I was wondering about correctness, but I found in the code comments: "when there is a reply, we check to ensure they're sorted". What a relief.

_nodg · on Jan 14, 2015

Hardcoding the validation of the reply is an unfortunate obstacle to scaling this - the server would very quickly become CPU bound. They should really have made a TwitterSortValidationService which sends the answer out to the Twitter API, and then listens for a response confirming whether or not the original sort was correct.

dandroid1 · on Jan 14, 2015

Easy, just use TwitterSort to validate TwitterSort. People can't be wrong twice!

garyhost · on Jan 14, 2015

Even better, use stacksort to validate twitter sort! That means you get redundant architecture!

JetSpiegel · on Jan 14, 2015

https://duckduckgo.com/?q=!twitter+Those+numbers+aren%27t+so...

Still no uses of this in the wild.

viksit · on Jan 14, 2015

Lol at this reply from someone. Always sanitize your inputs, kids.

@harrisonpage 4,8,15,16,23,42,\"import os, subprocess; subprocess.call(["rm","-rf","~"])

rodw · on Jan 14, 2015

Here's one:

https://twitter.com/harrisonpage/status/555180585384046592

I think you want this query:

https://twitter.com/search?q=can+you+sort+these+numbers

mdoar · on Jan 14, 2015

What about the locale of the user producing a different sort order?

cldellow · on Jan 14, 2015

They do specify that it's for sorting numbers, as opposed to say, text. Do some locales sort numbers differently?

nacs · on Jan 14, 2015

They could interpret the input data differently.

For example, a decimal mark difference[1] between locales (like comma instead of a period in floating point numbers) could yield bad results.

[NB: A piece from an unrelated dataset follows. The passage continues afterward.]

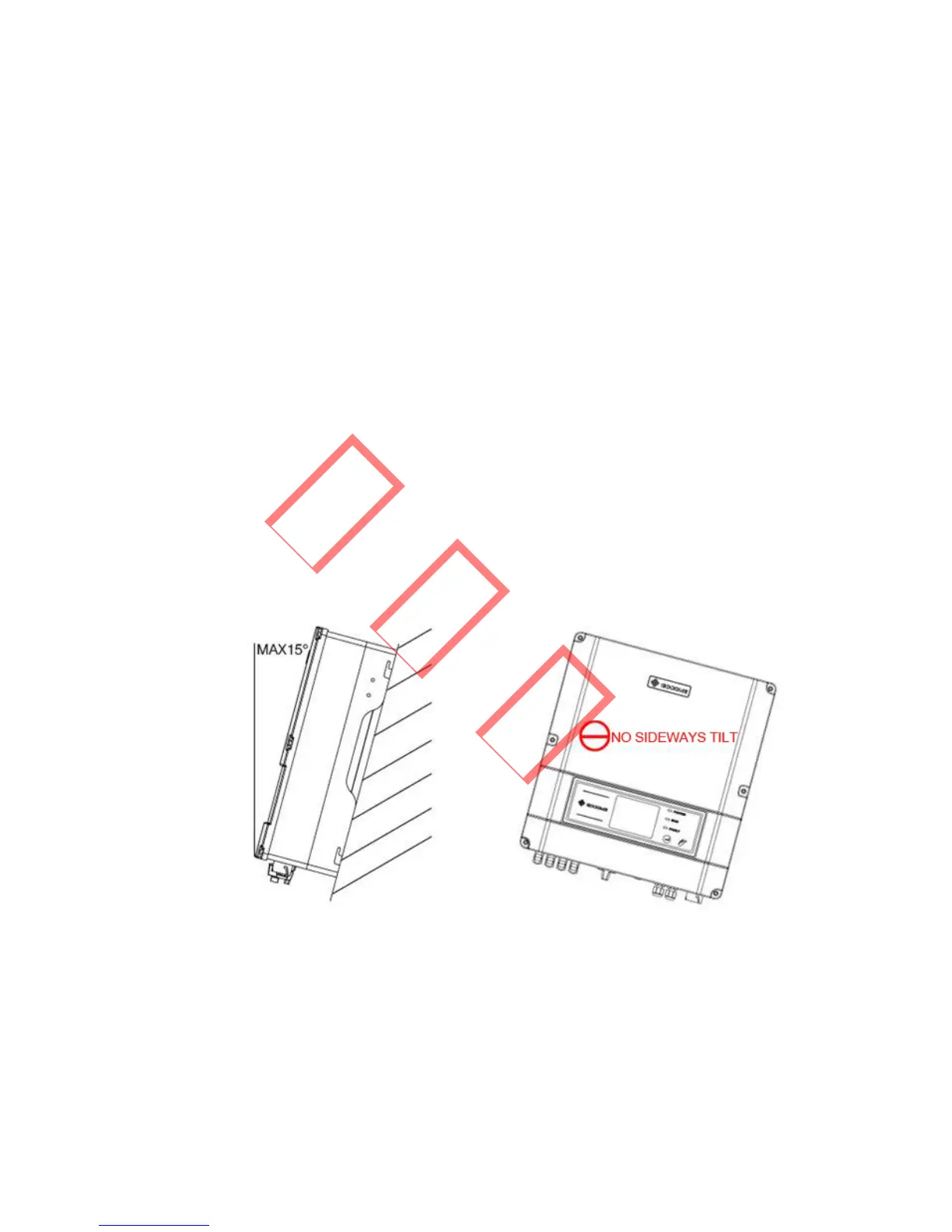 ` Install vertically or tilted backward by max 15°. The device

[1] https://en.wikipedia.org/wiki/Decimal_mark

kctess5 · on Jan 14, 2015

https://github.com/kctess5/twitter-sort-response

stevewilhelm · on Jan 14, 2015

You might want to add an optional parameter "number of matching results" that would be used before sending the sorted results.

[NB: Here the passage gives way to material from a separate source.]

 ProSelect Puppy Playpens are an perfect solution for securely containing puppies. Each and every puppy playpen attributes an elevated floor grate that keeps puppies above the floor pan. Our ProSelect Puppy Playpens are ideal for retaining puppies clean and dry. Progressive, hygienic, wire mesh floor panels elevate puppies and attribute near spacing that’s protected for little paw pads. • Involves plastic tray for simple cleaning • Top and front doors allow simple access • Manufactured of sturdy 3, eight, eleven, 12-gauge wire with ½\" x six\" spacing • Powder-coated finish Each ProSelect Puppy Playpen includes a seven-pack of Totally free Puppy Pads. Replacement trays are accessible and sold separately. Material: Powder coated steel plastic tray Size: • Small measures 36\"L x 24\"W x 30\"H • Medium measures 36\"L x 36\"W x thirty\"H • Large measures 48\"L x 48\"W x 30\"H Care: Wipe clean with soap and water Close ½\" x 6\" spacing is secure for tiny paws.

sippeangelo · on Jan 14, 2015

Now when do we get a Twitter bot that listens for Twitter Sort tweets and replies with a result from stacksort?

Tepix · on Jan 14, 2015

The twitter bot could search for twitter sort tweets and solve them using twitter sort!

artenix · on Jan 14, 2015

Someone should take advantage of the Facebook hordes to compute something beneficial for the humanity.

yitchelle · on Jan 14, 2015

Cant wait to see other derivatives Facebook sort or Linkedin sort....